→ DIRECTIONS FOR THIS TASK:
If a record holds a picture, drop the picture and copy everything else exactly.
** Opening GIVEN DATA block **
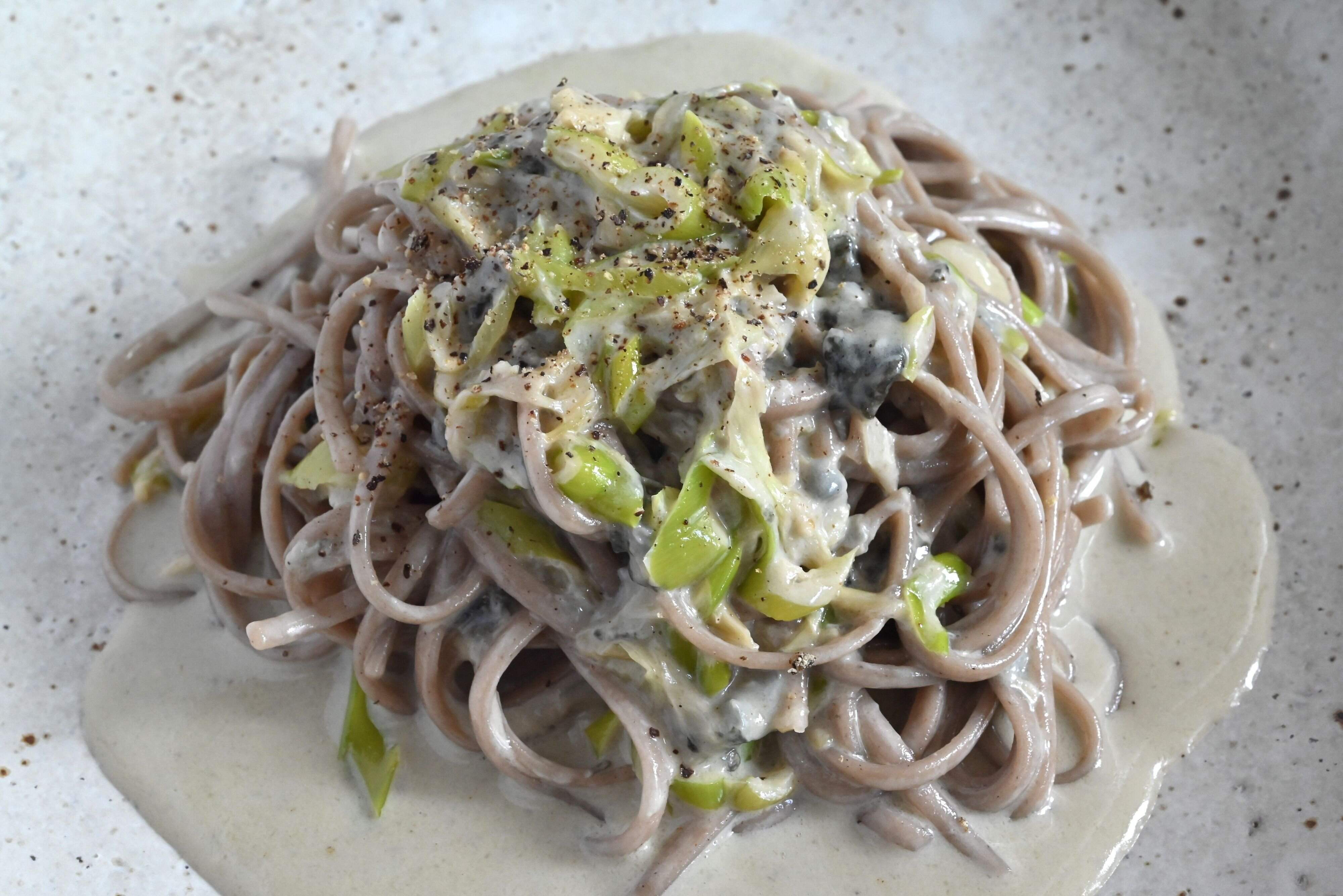 蕎麦にブルーチーズを合わせるレシピです。
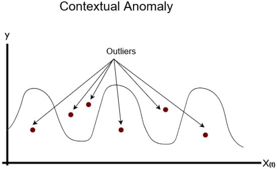 Contextual anomalies are those instances that are deemed abnormal within a specific context. A point is examined in several settings in order to ascertain whether or not it is abnormal. For instance, the context is nearly always temporal in the case of time-series data, which are recordings of a certain amount across time. Contextual outliers, on the other hand, are data points that significantly deviate from other data within the same context. Anomalous observations in a time series are those that deviate considerably from the observed pattern and do not follow the pattern in the time-series data. Figure 4 shows an example for contextual anomalies.
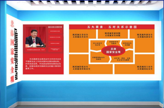 展廳二:從網(wǎng)絡(luò)、社會(huì)、金融、生態(tài)、政治五個(gè)方面深入剖析國(guó)家安全“總體國(guó)家安全觀”,將國(guó)家安全與每位參觀者緊密聯(lián)系。
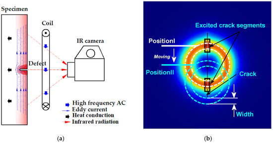 A basic schematic diagram of ECPT is shown in Figure 1a. A coil with high frequency alternating current (AC) produces a short burst of electromagnetic excitation and thereby induces eddy currents (ECs) in the conductive material. The induced ECs concentrate in a skin depth of homogeneous material, and a local temperature rise can then be caused by the effect of Joule heating from the eddy currents. The heat will be conducted from the heated area to other places until a thermal balance is finally reached. In case there is a surface crack in a conductive material, as depicted in Figure 1a, the presence of a crack can cause a diversion in the EC flow and heat conduction, which leads to a different temperature distribution pattern on the surface [19]. Hence, the crack can be detected by the variation of temperature distribution between the defect and the surrounding sound areas in the IR images.
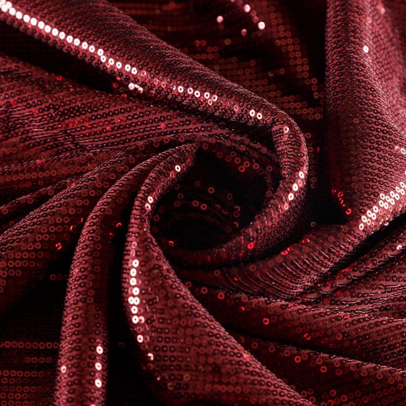 Блестящие пайетки благородного багрового оттенка. Мелкие, размером около 3 мм. Основа - трикотажное полотно, комфортное в носке. Ткань не прозрачная, тянется.  Подойдет для вечернего коктельного платья или юбки, комбинезона, топа, танцевальных и сценических костюмов.
** Closing GIVEN DATA block **
→ ANSWER TO THE PROBLEM:
 蕎麦にブルーチーズを合わせるレシピです。
 Contextual anomalies are those instances that are deemed abnormal within a specific context. A point is examined in several settings in order to ascertain whether or not it is abnormal. For instance, the context is nearly always temporal in the case of time-series data, which are recordings of a certain amount across time. Contextual outliers, on the other hand, are data points that significantly deviate from other data within the same context. Anomalous observations in a time series are those that deviate considerably from the observed pattern and do not follow the pattern in the time-series data. Figure 4 shows an example for contextual anomalies.
 展廳二:從網(wǎng)絡(luò)、社會(huì)、金融、生態(tài)、政治五個(gè)方面深入剖析國(guó)家安全“總體國(guó)家安全觀”,將國(guó)家安全與每位參觀者緊密聯(lián)系。
 A basic schematic diagram of ECPT is shown in Figure 1a. A coil with high frequency alternating current (AC) produces a short burst of electromagnetic excitation and thereby induces eddy currents (ECs) in the conductive material. The induced ECs concentrate in a skin depth of homogeneous material, and a local temperature rise can then be caused by the effect of Joule heating from the eddy currents. The heat will be conducted from the heated area to other places until a thermal balance is finally reached. In case there is a surface crack in a conductive material, as depicted in Figure 1a, the presence of a crack can cause a diversion in the EC flow and heat conduction, which leads to a different temperature distribution pattern on the surface [19]. Hence, the crack can be detected by the variation of temperature distribution between the defect and the surrounding sound areas in the IR images.
 Блестящие пайетки благородного багрового оттенка. Мелкие, размером около 3 мм. Основа - трикотажное полотно, комфортное в носке. Ткань не прозрачная, тянется.  Подойдет для вечернего коктельного платья или юбки, комбинезона, топа, танцевальных и сценических костюмов.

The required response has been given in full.